The nitrates that you get from the food you eat are broken down and converted into nitrites and nitric oxide, according to an October 2018 report in Aging and Disease. The report notes that the nitric oxide that's formed from the intake of nitrates play a role in protecting the stomach lining and preventing heart disease and metabolic diseases.
This is not to be confused with synthetic nitrates and nitrites, like sodium potassium nitrate or nitrite, which is added to processed foods like bacon and hot dogs as a preservative. When you consume synthetic nitrates or nitrites, your body breaks them down into a compound called nitrosamines, which have been linked to an increased risk of cancer, according to the Environmental Working Group.
The Agency for Toxic Substances and Disease Registry adds that if you consume unusually high levels of nitrates or nitrites, it can lead to a condition called methemoglobinemia, which is a decreased ability for your red blood cells to carry oxygen to your tissues.
This can cause several symptoms, including drops in blood pressure, increased heart rate, headaches, abdominal cramps and vomiting, and in severe cases, death. However, exposure to levels of nitrates that high are extremely rare and, again, adverse health effects are most commonly associated with synthetic nitrates.

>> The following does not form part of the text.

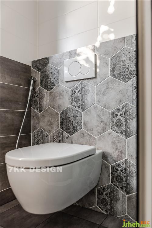 马桶间,墙面选择几何形复古纹理的瓷砖+白色瓷砖拼接,时尚复古,干净清爽。
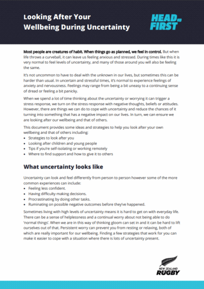 Headfirst was created to help players, coaches, referees, support staff and families in the rugby community to support their own wellbeing and that of others. There's no better time to check out the site, and put into practice some of their tips and strategies.

Read more: The Harmful Effect of Sodium Nitrite in Food
Nitrates in Vegetables and Fruits
Naturally occurring nitrates and nitrites don't present the same issue because they're often coupled with nutrients like vitamin C and antioxidants that prevent them from converting into nitrosamines. Vegetables are actually the highest source of natural nitrates, while fruits trail somewhere behind them. The vegetables that are the highest in nitrates include:
- Green, leafy vegetables (like spinach, mustard greens, arugula, kale, Swiss chard and lettuce)
- Beetroot
- Radishes
- Turnips
- Watercress
- Bok choy
- Chinese cabbage
- Kohlrabi
- Chicory leaf
- Celery
- Onion
- Garlic
Some fruits do contain nitrates, but the amounts are generally low. The fruits that do contain nitrates include:
- Watermelon
- Apples
- Bananas
- Grapes
- Kiwi fruit
- Nectarines/peaches
- Pears
- Oranges
- Strawberries
The report in Aging and Disease points out that approximately 80 to 90 percent of dietary nitrates come from green, leafy vegetables. The second biggest source is drinking water, which provides 15 to 20 percent of daily intake. The Agency for Toxic Substances and Disease Registry adds that, besides fruits and vegetables, other food and drink sources of nitrates include:
- Cured meats
- Fish
- Dairy products
- Beers
- Cereals
Read more: 6 Reasons to Avoid Eating Too Much Spinach
Avoiding Synthetic Nitrates
Although you don't have to worry about the nitrates found in fruits and vegetables, which also provide many other beneficial nutrients, it is a good idea to lower your intake of nitrates and nitrates that are added to food during processing. The Environmental Working Group provides some tips for avoiding added nitrates in your diet:
- Limit consumption of cured meats, like hot dogs, bacon, sausages and deli meat. Whenever possible, opt for nitrate- and nitrite-free options.
- Get your water tested, especially if you have well water. Synthetic nitrates are often added to drinking water or enter well water through the soil. If your water has high levels, get proper filtration.
- Boost your intake of antioxidants and vitamin C. These nutrients prevent nitrates from converting to nitrosamines, the problematic compounds.
- Read labels carefully and avoid anything that contains sodium nitrate, sodium nitrite, potassium nitrate and potassium nitrite.